You have data that must persist across crashes, be queried efficiently, support concurrent writers without corruption, scale beyond a single machine when needed, and recover when something breaks. That’s the database problem.

OLTP databases (Postgres, MySQL) optimize for many small concurrent transactions. OLAP databases (Trino, ClickHouse, Snowflake) optimize for few large analytical queries. Caches (Redis, Memcached) optimize for tiny reads at memory speed. Each has a place; the boundary is where most architectural mistakes happen.


2. PRINCIPLES

2.1 Durability via write-ahead logging

Before mutating the on-disk data, log the intent. On crash, replay the log.

→ Pattern: write-ahead-logging

Investigate:

  • Watch Postgres WAL grow on disk; force a checkpoint; observe the file shrink/rotate
  • Read the Postgres source for XLogInsert (just enough to see the structure)
  • What does synchronous_commit = off actually trade away?

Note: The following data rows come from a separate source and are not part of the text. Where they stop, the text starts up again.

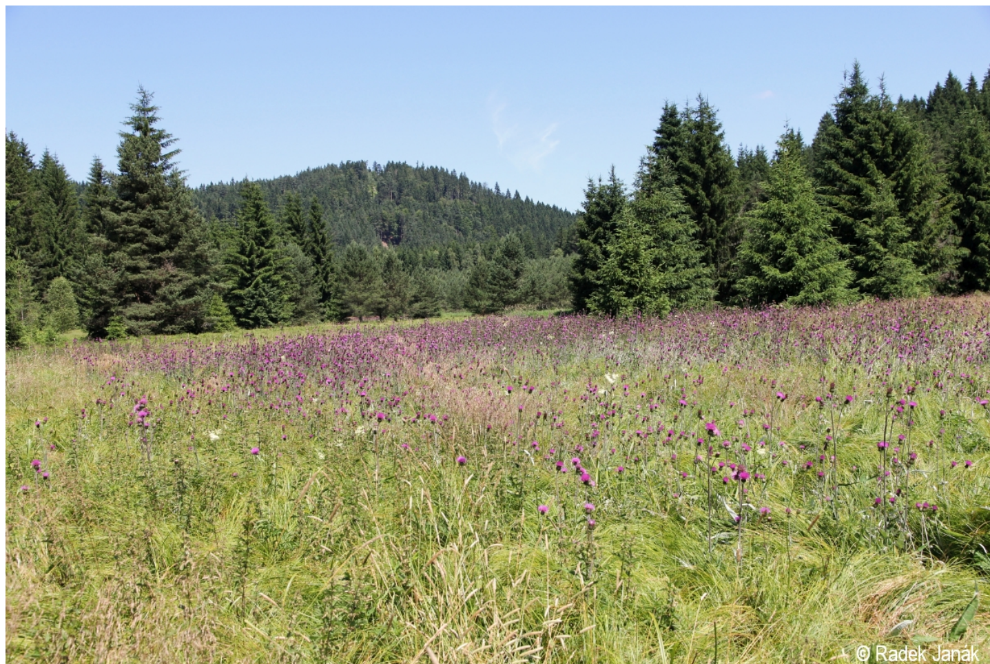
Cirsium heterophyllum – Radek Janák – Vyšebrodsko.
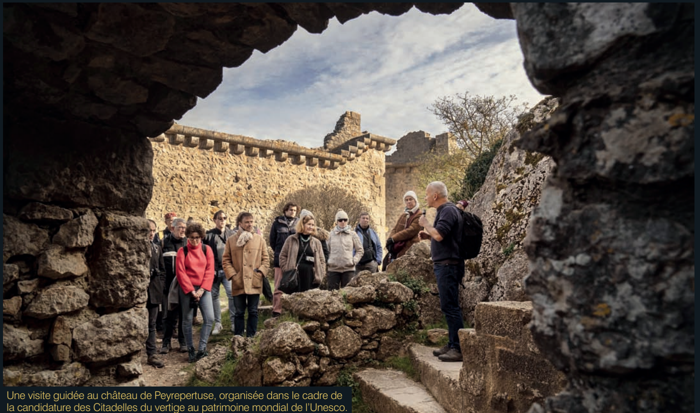
Une visite guidée au château de Peyreperouse, organisée dans le cadre de la candidature des Citadelles du vertige au patrimoine mondial de l'Unesco.
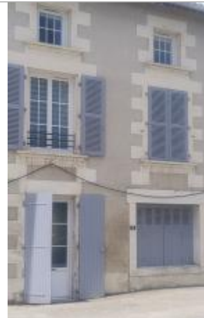
Vue sur la façade d'habitation
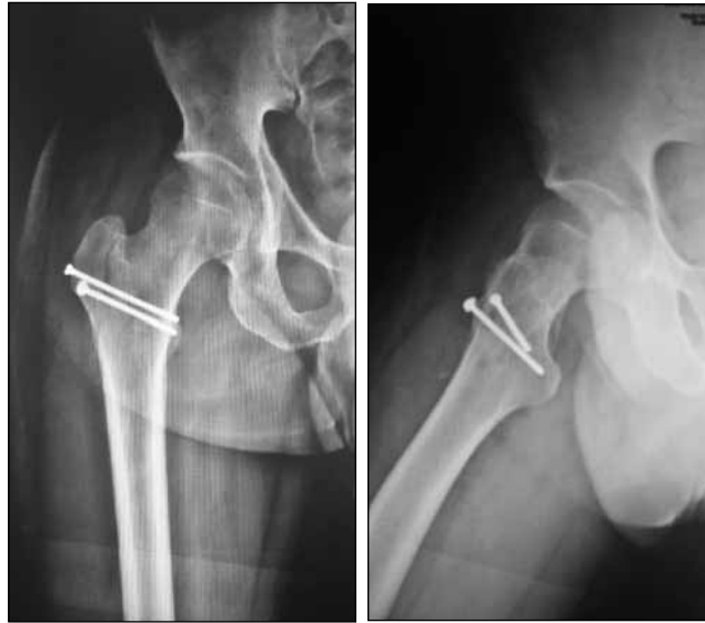
▲ Figura 8. Radiografías a los 30 meses. Consolidación de la osteotomía.

muchas veces limitados por la localización de los proyectiles o por la presencia de fracturas de la cabeza femoral o el acetábulo, que requieren una reducción abierta. 3-5 En nuestros dos casos, optamos por abordajes formales de cadera asociados a una luxación anterior que favorezcan la visualización completa de la cabeza femoral y, a su vez, un acceso al acetábulo que brinde la posibilidad, en ambos casos, de realizar maniobras, como microperforaciones, en las lesiones osteocondrales producidas por el proyectil.
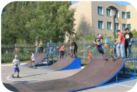
Устройство скейт- площадки на территории школы
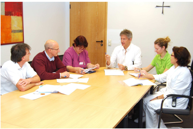
Interdisziplinäre Teamarbeit ermöglicht eine individualisierte Behandlung

2.2 Indexes: B-tree vs LSM

B-tree: balanced, in-place updates, optimized for read-heavy. LSM: append-only, batched compaction, optimized for write-heavy.

→ Pattern: lsm-vs-btree

Investigate:

  • Build a B-tree mental model — read CMU’s database lectures or a textbook chapter
  • LSM in practice — read a RocksDB or Cassandra design doc
  • When does each win? Workload-driven analysis

2.3 MVCC + transactions

Multi-version concurrency control: each row has multiple versions; readers see a consistent snapshot; writers don’t block readers.

Investigate:

  • ACID — pin down what each letter means with a concrete example
  • Postgres pg_xact + tuple visibility — read the docs
  • What’s a write skew? What’s a phantom read? What does each isolation level prevent?

2.4 Replication

The “second copy of the data” problem. Sync vs async. Single leader vs multi-leader vs leaderless.

→ Pattern: replication

Investigate:

  • Set up Postgres streaming replication: 1 primary + 1 replica
  • Force a failover; what’s lost? what’s preserved?
  • Read DDIA Ch. 5 (replication) — Year 2 will deepen this

2.5 Idempotency

A retried request shouldn’t double-charge the user. Idempotency keys + at-most-once semantics.

→ Pattern: idempotency

Investigate:

  • Design an idempotency-key column for a transactions table
  • What’s the trade-off between server-side and client-side idempotency?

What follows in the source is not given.